1) First of all change is not nessesary - because within the current "comment
directive convention" the tooling needs can be achived. Even more so - they
can be achived without changing the current spec of the language.

2) As I learned during this discussion there are "comment directive
convention" that are older as go 1.4. I could imaging they play a role deep
inside the go tooling. i.e. I could imaging that the cgo stuff has some deep
roots. It would some work to change all occurences - that is glass clear -
because even now there are legacy directives // +build //link that are not
updated to the "new convention" //go: foo

3) I dont know about the internal mechanism that the go team needs to observce
to change the spec of a language, that is perhaps in wide productive use
within the google. But i can imagin there is procedure. Changing the spec
meight just not be possible before Go 2.0 because of policy.

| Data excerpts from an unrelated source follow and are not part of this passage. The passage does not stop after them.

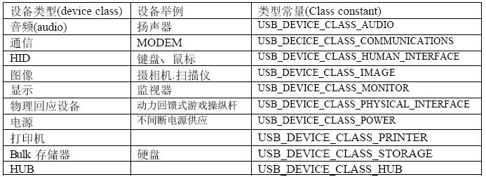 虽然USB 设备都会表现USB 的一些基本的特征,但是USB 的设备还是可以分成多个不同类型,同类型的设备可以拥有一些共同的行为特征和工作协议.从而使设备的驱动程序的书写变得简单一些.下表中就给出一些基本的USB的设备类型分类: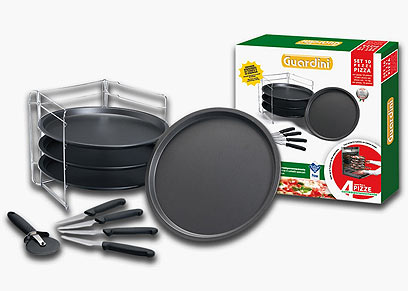 Pizza Mania: ערכה מקצועית להכנת מגשי פיצה משפחתיים בבית, הכוללת מגשי פיצה, מתקן להעמדת הפיצות בתנור, 4 סכיני חיתוך ורולר מקצועי.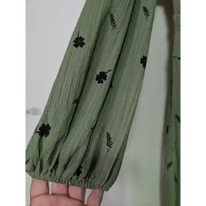 Color: Sage green with black botanical print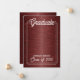 Unique and trendy congratulations graduate announcement and celebration party invitation card, with a classic dark burgundy wine red and black colored gradient colored background. With room to customize or personalize with a photo, the name of the graduate, class graduation year, high school, future college or university name, and celebration party event information. Let the family, friends and neighbors know there is a happy graduate ready to conquer the world, and invite everybody to come celebrate the happy event with you!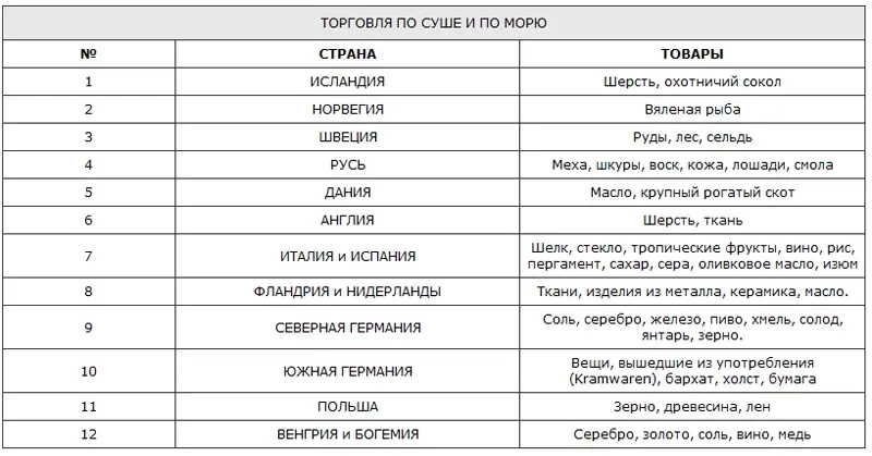 Купцы Готланда, большого острова в Балтийском море, были наследниками викингов, которые господствовали в Балтийском регионе до VIII века. Из Висбю* (административный центр острова Готланд) их торговля распространялась на восток до Новгорода, а оттуда вверх по русским рекам и вниз по Волге до Каспийского и Черного морей, где они уже столкнулись с купцами Византийской империи и вели дела в ее столице — Константинополе. Именно по проложенному ими маршруту восточные шелка и специи, а также византийская золотая монета, визант, стали известны на Западе. К XI веку эта торговля пошла на спад, но мелкомасштабная торговля все равно продолжалась между Скандинавией и восточной частью Балтийского региона, где конечным пунктом был русский город Новгород, где купцы создали свою торговую базу.
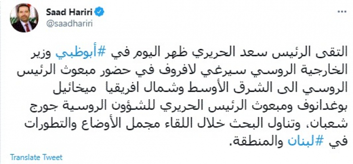وقال في تغريدة عبر "تويتر" رصدها "المشهد العربي": "التقى الرئيس سعد الحريري ظهر اليوم في أبوظبي وزير الخارجية الروسي سيرغي لافروف في حضور مبعوث الرئيس الروسي الى الشرق الأوسط وشمال إفريقيا ميخائيل بوغدانوف ومبعوث الرئيس الحريري للشؤون الروسية جورج شعبان، وتناول البحث خلال اللقاء مجمل الأوضاع والتطورات في لبنان والمنطقة".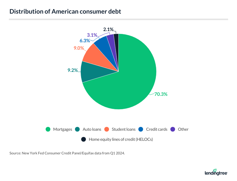 While mortgages take the lion’s share of American consumer debt at 70.3% — according to the New York Fed — auto loans account for 9.2%. Auto loan debt ($1.616 trillion) is ahead of student loan debt ($1.595 trillion) as of the first quarter of 2024.

4) It meight not be desired to introduce something that smells like a macro
language into the code. There meight be some animosity againt it - give the
clean code philosopy that Go aimes for.

No, i dont realy believe that. I am Sorry to have accused! On contrary: The
yacc tool gives great power to expand the language. But yacc is a heavy
lifting tool and not something like a macro every one could use. Its also not
part of the spec, just given as magic comment - no prommise made.

5) One counter argument that is invalid: I am pretty sure the go team cares
about semantic. :-) All programmers do breath semantic. Of course there are
different tastes.

6) You basicly cant prevent magic... in comments or otherwise its the reason
its called magic.

7) those commented directives can stay in all levels of the build process -
without adaptions of the spec. This means tools have the potential to hook on
source, on ast, etc.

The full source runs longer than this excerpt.